Since the death of civilian security guard David Sanes Rodríguez during a U.S. Navy bombing exercise on Vieques in 1999, the PIP has engaged in almost constant protests and acts of civil disobedience against the Navys presence on the island. Rubén Berríos lived in a tent on the bombing range for almost a year after the accident. Last December, unable to perform his elected duties from his island encampment, Berríos relinquished his seat in the Senate and was replaced by Manuel Rodríguez Orellana.

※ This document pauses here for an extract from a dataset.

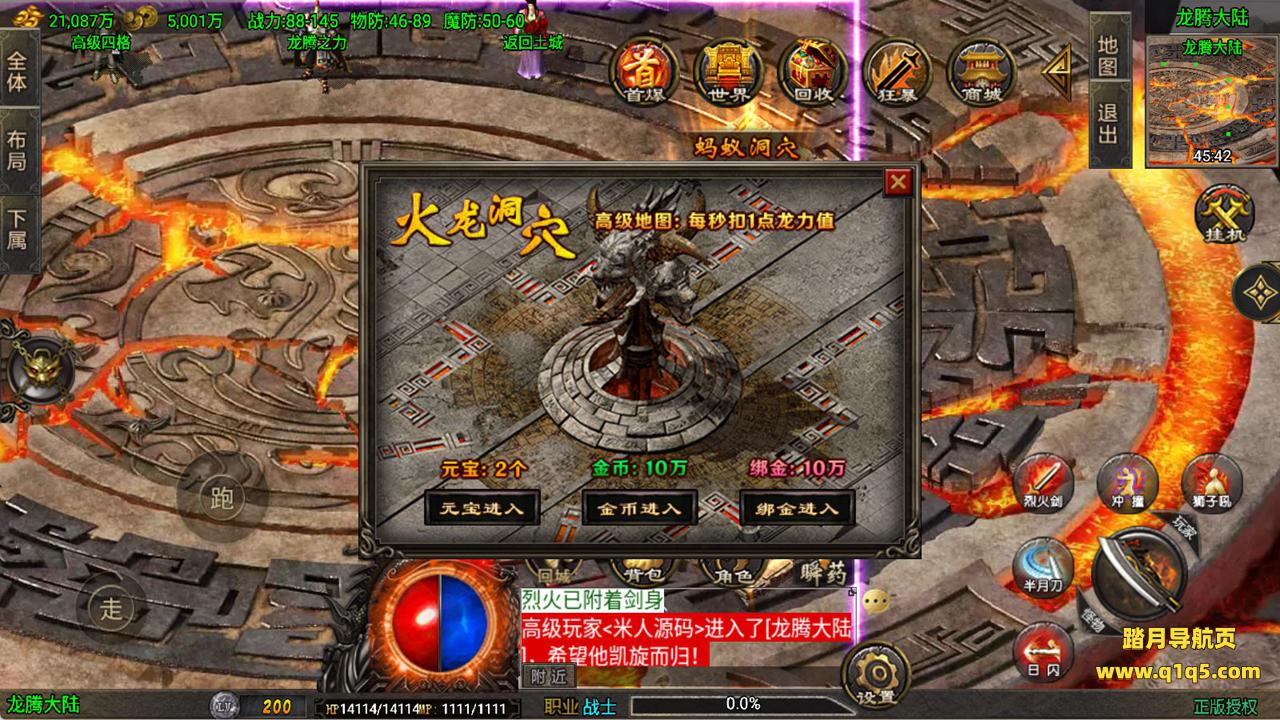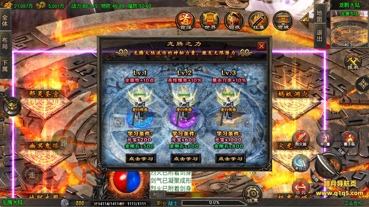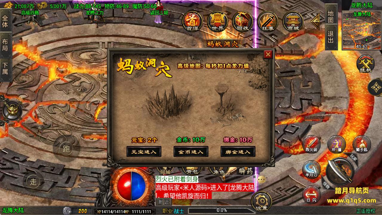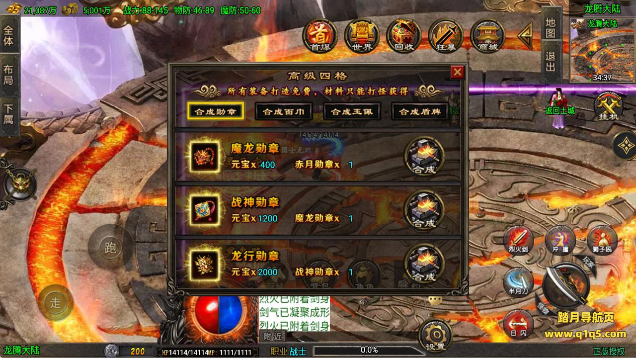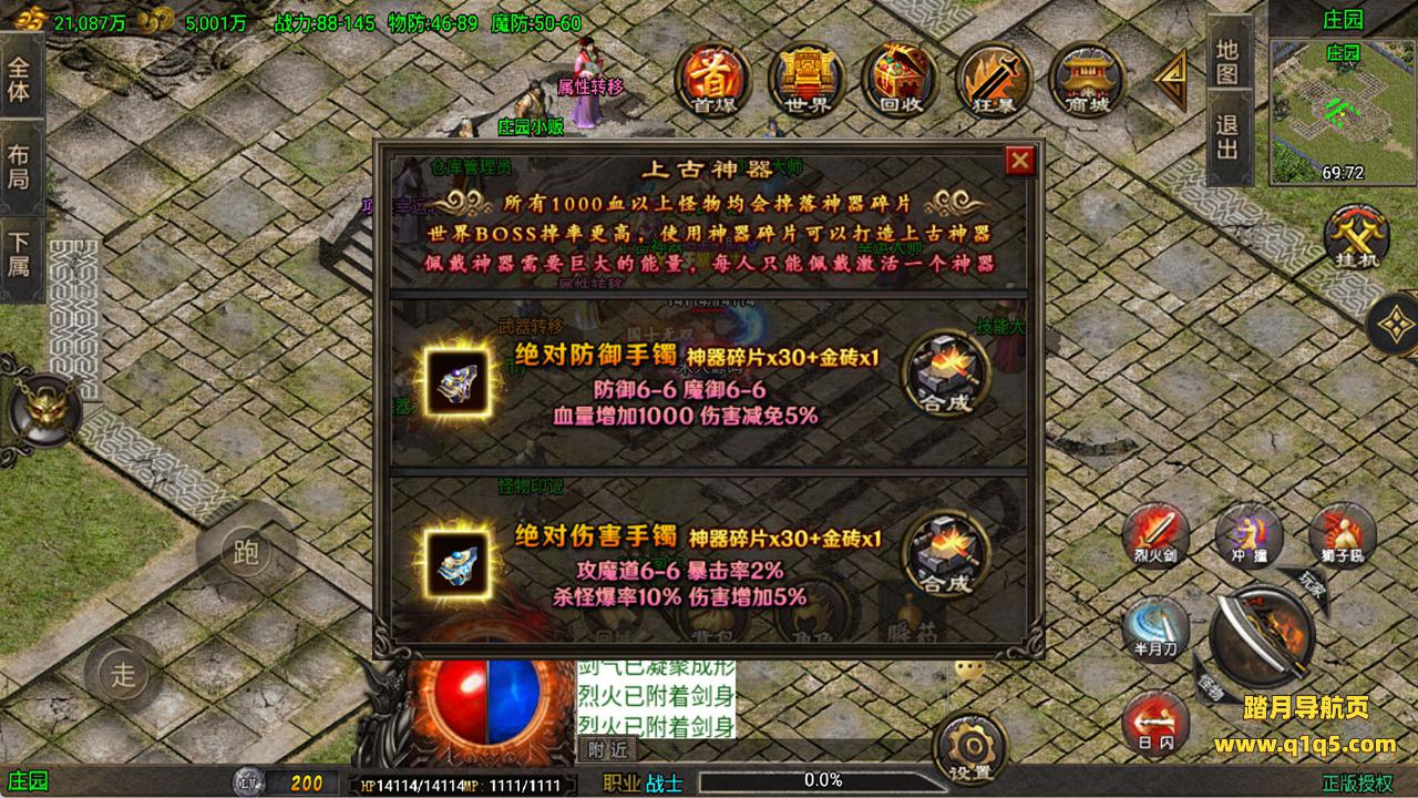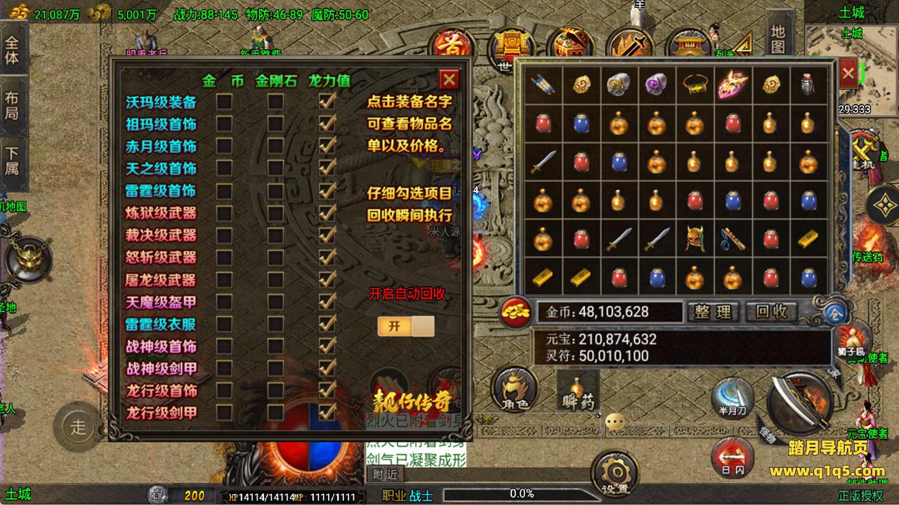 下面我们来测试下游戏里的功能看看。好了,其他功能就自行测试吧。更多的游戏资源可以访问www.q1q5.com下载,我们每款游戏资源均单独制作了独立的视频架设教程,让小白也可以快速上手游戏架设,快来体验自己做GM的乐趣吧!

As Senator, Rodríguez Orellana represented the PIP in successful negotiations with the FBI to release 8,000 dossiers that had been compiled by the U.S. government on Puerto Ricans ranging from Governor Luis Muñoz Marín to separatist leader Pedro Albizu Campos. U.S. Representative José Serrano, a native of Puerto Rico, pushed for the files release, which he called "part of a lengthy and important process that will allow Puerto Ricans and people all over the country and the world to learn more about this ugly chapter in our history."
Rodríguez Orellana has continued to demand the withdrawal of the U.S. military from Vieques. On August 3, he was arrested along with Rep. Victor Garcia San Inocencio (the only other PIP member in the Puerto Rico legislature) for trespassing on the islands bombing range. After refusing to post bail, the two politicians were held in a federal prison for more than a month.
Since his release from prison, Rodríguez Orellana has resumed participating in protests against the Navy and campaigning for the office of Resident Commissioner.